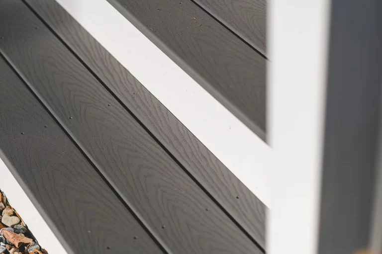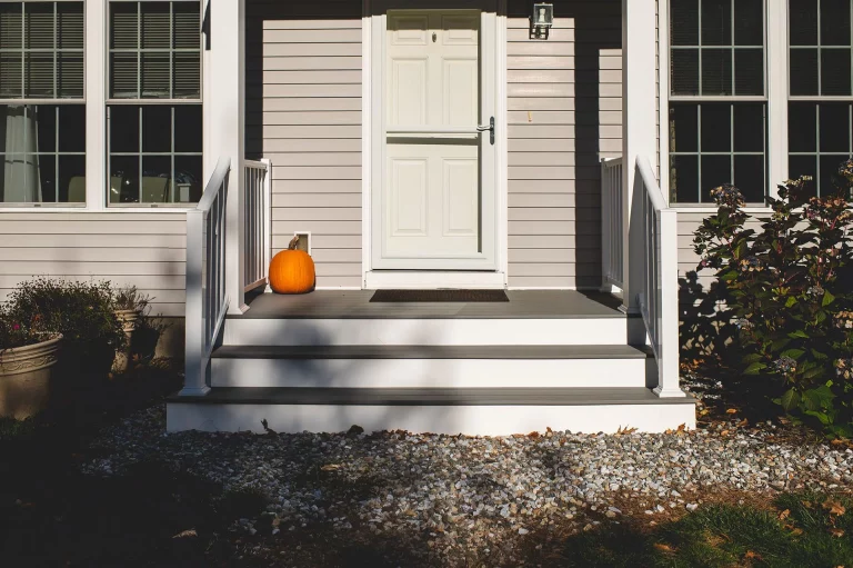 Another major project we worked on was the front porch. The porch originally had warped and splintered wood, rotted handrails, disproportionate porch posts, and a small staircase. We completely transformed the space by rebuilding the majority of the porch. We replaced the wood with composite decking materials. Then, we expanded the staircase, added railings and balusters, and wrapped the porch posts. Once we were finished, the new front porch looked modern and contemporary, and—most importantly—it was safe.
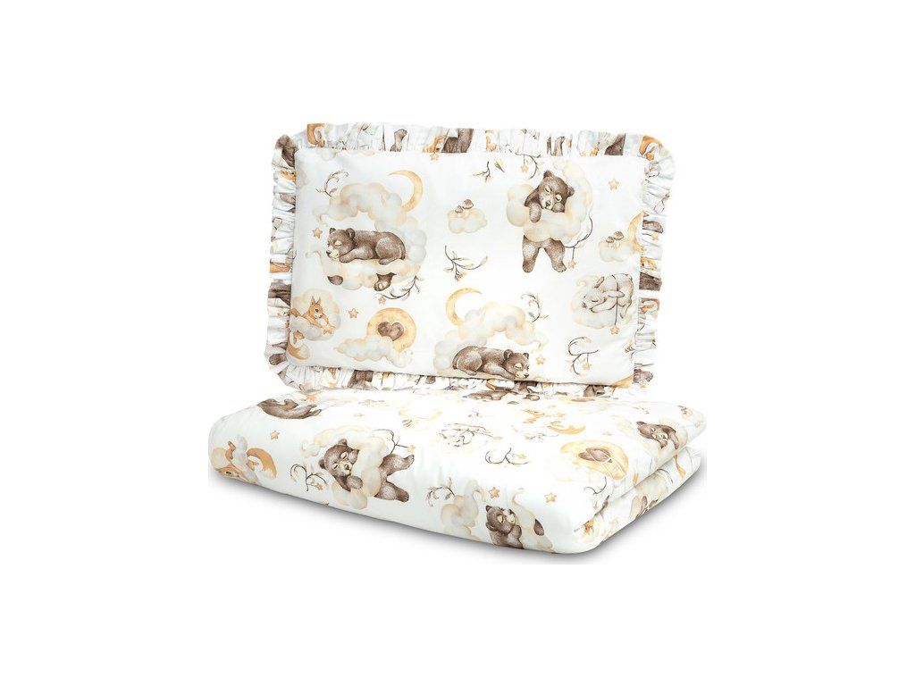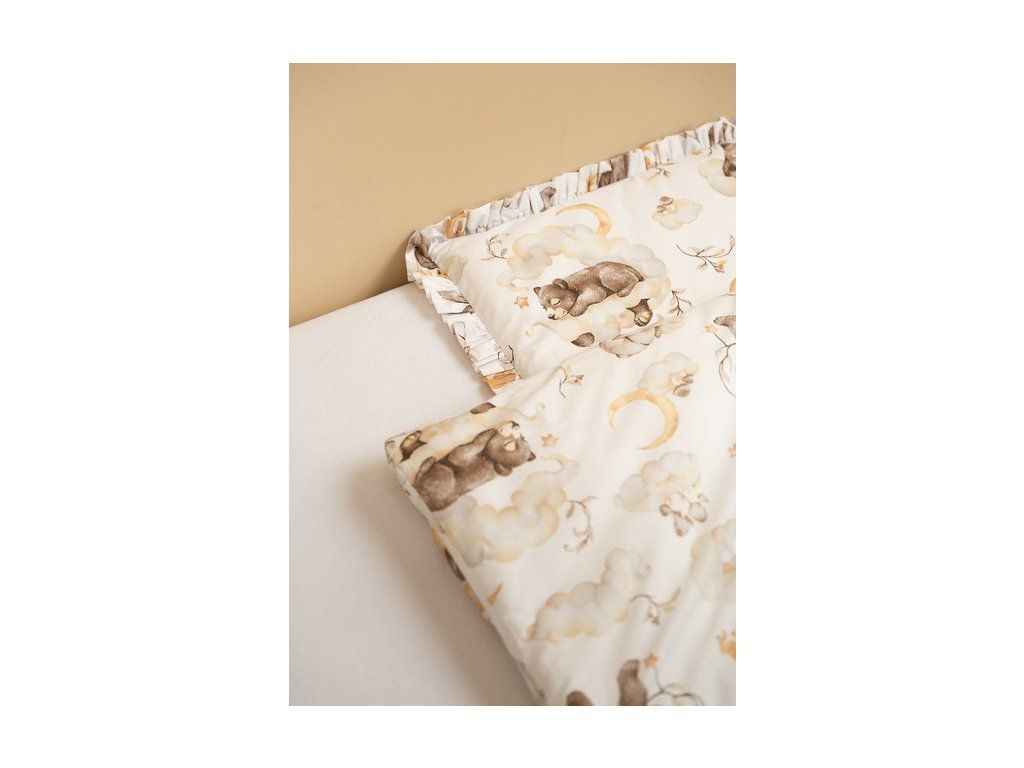Dvojdielna detská posteľná bielizeň s volánom je vyrobená z mäkkej na dotyk a odolnej 100 % bavlny. Farebné kombinácie pripravené v kolekcii sa dokonale hodia do každej detskej izby. Súprava obsahuje obliečku na prikrývku 100x135 cm a obliečku na vankúš 40x60 cm. Obliečka na prikrývku sa zapína na zips, obliečka na vankúš je skladacia.
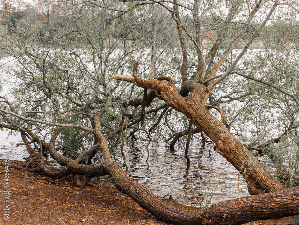 Fallen down tree still growing on the edge of Pickmere Lake, Pickmere, Knutsford, Cheshire, UK
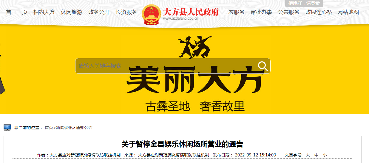 当前,疫情防控形势异常严峻,为有效控制和降低疫情传播风险,保障全县人民群众生命安全和身体健康,决定自2022年9月12日18时起,暂停全县KTV、酒吧、网吧、游戏厅、电影院、台球室、室内游泳馆、健身房、室内儿童游乐场、洗浴中心、棋牌娱乐室、休闲吧等娱乐休闲场所的营业,恢复营业时间根据疫情防控形势另行通知。
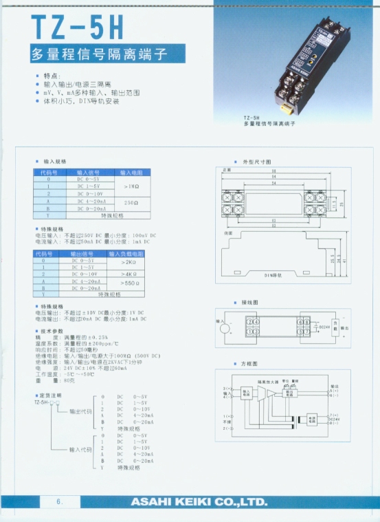 產(chǎn)品名稱:TZ-5H 多量程信號(hào)隔離端子(Accessories)
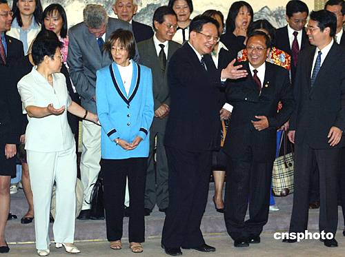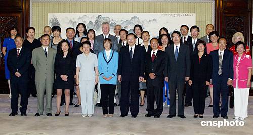 九月十日,國務委員唐家鏇在北京中南海紫光閣會見美加參政華人訪華團全體成員。國務院僑辦主任陳玉杰(左前一)、副主任許又聲(右前一)陪同會見。中新社記者:鄭萍萍
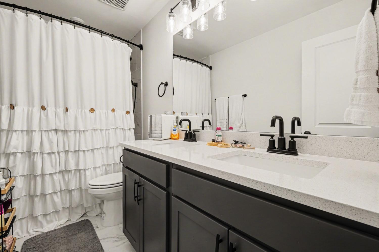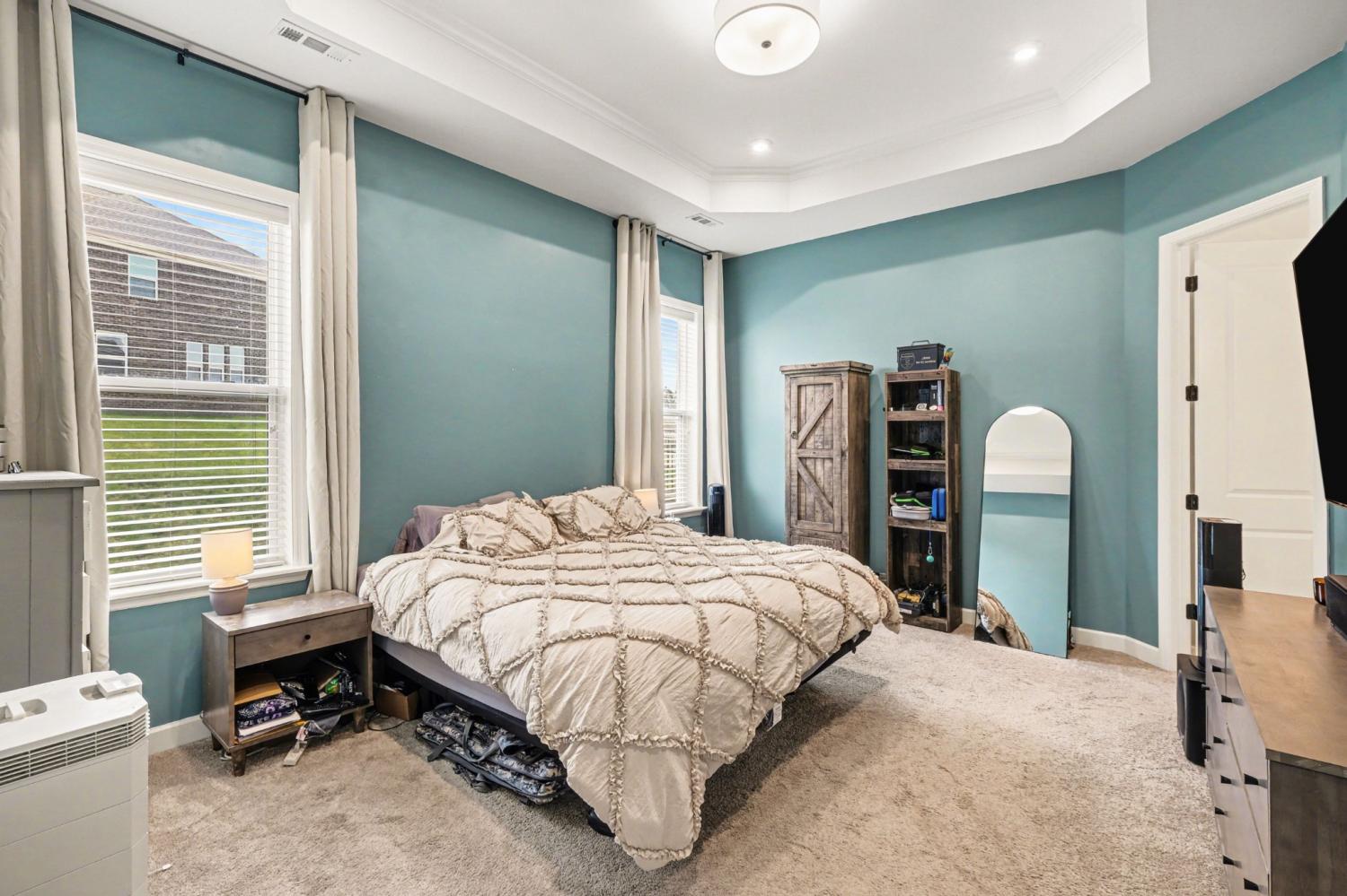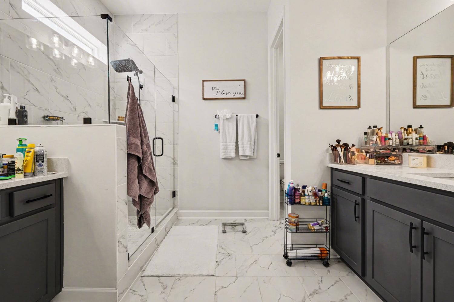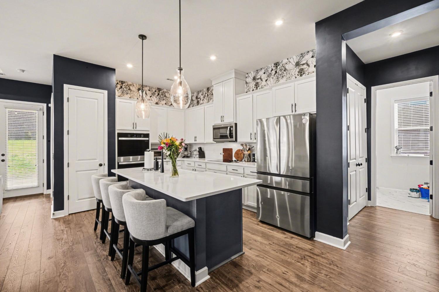 Welcome to modern luxury in Columbia’s sought-after Bear Creek Overlook! Built in 2023, this pristine, energy-efficient new construction home offers 3,521 sq. ft. of thoughtfully designed living space featuring 4 bedrooms and 3 full baths. The main level greets you with an inviting entrance foyer leading to a spacious 16x18 living room that is equipped with built-in sound and anchored by a sleek electric fireplace. The chef-inspired kitchen is a true standout, boasting ENERGY STAR qualified appliances, double ovens, a pantry, and a generous 14x18 layout that flows seamlessly into the dining area. Rare and highly functional, the primary suite and a second bedroom are both located on the main floor, providing maximum convenience. Upstairs, you'll find two additional bedrooms—each with spacious walk-in closet, a bonus room and media room complete with surround sound! This smart home is equipped with professional air-sealed ducts, high-efficiency HVAC and smart lighting. The alarm, lighting, thermostats and audio are able to be controlled with your smartphone! Step outside to your covered patio that is already prewired for sound and an outdoor television.While outside, you can take advantage of the nice level lot or the premium community amenities, including a clubhouse, pool, playground, and park. With brick and fiber cement siding, a 2-car front-entry garage, and a location that blends quiet suburban life with easy access to everything, this home is move-in ready.
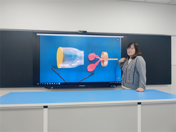 创新点:利用生活中比较常见的材料,制作出能够直观反映呼吸运动的教具。

What you should do → A precise copy of each record, with the images removed, should be output.

Task answer →
 Another major project we worked on was the front porch. The porch originally had warped and splintered wood, rotted handrails, disproportionate porch posts, and a small staircase. We completely transformed the space by rebuilding the majority of the porch. We replaced the wood with composite decking materials. Then, we expanded the staircase, added railings and balusters, and wrapped the porch posts. Once we were finished, the new front porch looked modern and contemporary, and—most importantly—it was safe.
Dvojdielna detská posteľná bielizeň s volánom je vyrobená z mäkkej na dotyk a odolnej 100 % bavlny. Farebné kombinácie pripravené v kolekcii sa dokonale hodia do každej detskej izby. Súprava obsahuje obliečku na prikrývku 100x135 cm a obliečku na vankúš 40x60 cm. Obliečka na prikrývku sa zapína na zips, obliečka na vankúš je skladacia.
 Fallen down tree still growing on the edge of Pickmere Lake, Pickmere, Knutsford, Cheshire, UK
 当前,疫情防控形势异常严峻,为有效控制和降低疫情传播风险,保障全县人民群众生命安全和身体健康,决定自2022年9月12日18时起,暂停全县KTV、酒吧、网吧、游戏厅、电影院、台球室、室内游泳馆、健身房、室内儿童游乐场、洗浴中心、棋牌娱乐室、休闲吧等娱乐休闲场所的营业,恢复营业时间根据疫情防控形势另行通知。
 產(chǎn)品名稱:TZ-5H 多量程信號(hào)隔離端子(Accessories)
 九月十日,國務委員唐家鏇在北京中南海紫光閣會見美加參政華人訪華團全體成員。國務院僑辦主任陳玉杰(左前一)、副主任許又聲(右前一)陪同會見。中新社記者:鄭萍萍
 Welcome to modern luxury in Columbia’s sought-after Bear Creek Overlook! Built in 2023, this pristine, energy-efficient new construction home offers 3,521 sq. ft. of thoughtfully designed living space featuring 4 bedrooms and 3 full baths. The main level greets you with an inviting entrance foyer leading to a spacious 16x18 living room that is equipped with built-in sound and anchored by a sleek electric fireplace. The chef-inspired kitchen is a true standout, boasting ENERGY STAR qualified appliances, double ovens, a pantry, and a generous 14x18 layout that flows seamlessly into the dining area. Rare and highly functional, the primary suite and a second bedroom are both located on the main floor, providing maximum convenience. Upstairs, you'll find two additional bedrooms—each with spacious walk-in closet, a bonus room and media room complete with surround sound! This smart home is equipped with professional air-sealed ducts, high-efficiency HVAC and smart lighting. The alarm, lighting, thermostats and audio are able to be controlled with your smartphone! Step outside to your covered patio that is already prewired for sound and an outdoor television.While outside, you can take advantage of the nice level lot or the premium community amenities, including a clubhouse, pool, playground, and park. With brick and fiber cement siding, a 2-car front-entry garage, and a location that blends quiet suburban life with easy access to everything, this home is move-in ready.
 创新点:利用生活中比较常见的材料,制作出能够直观反映呼吸运动的教具。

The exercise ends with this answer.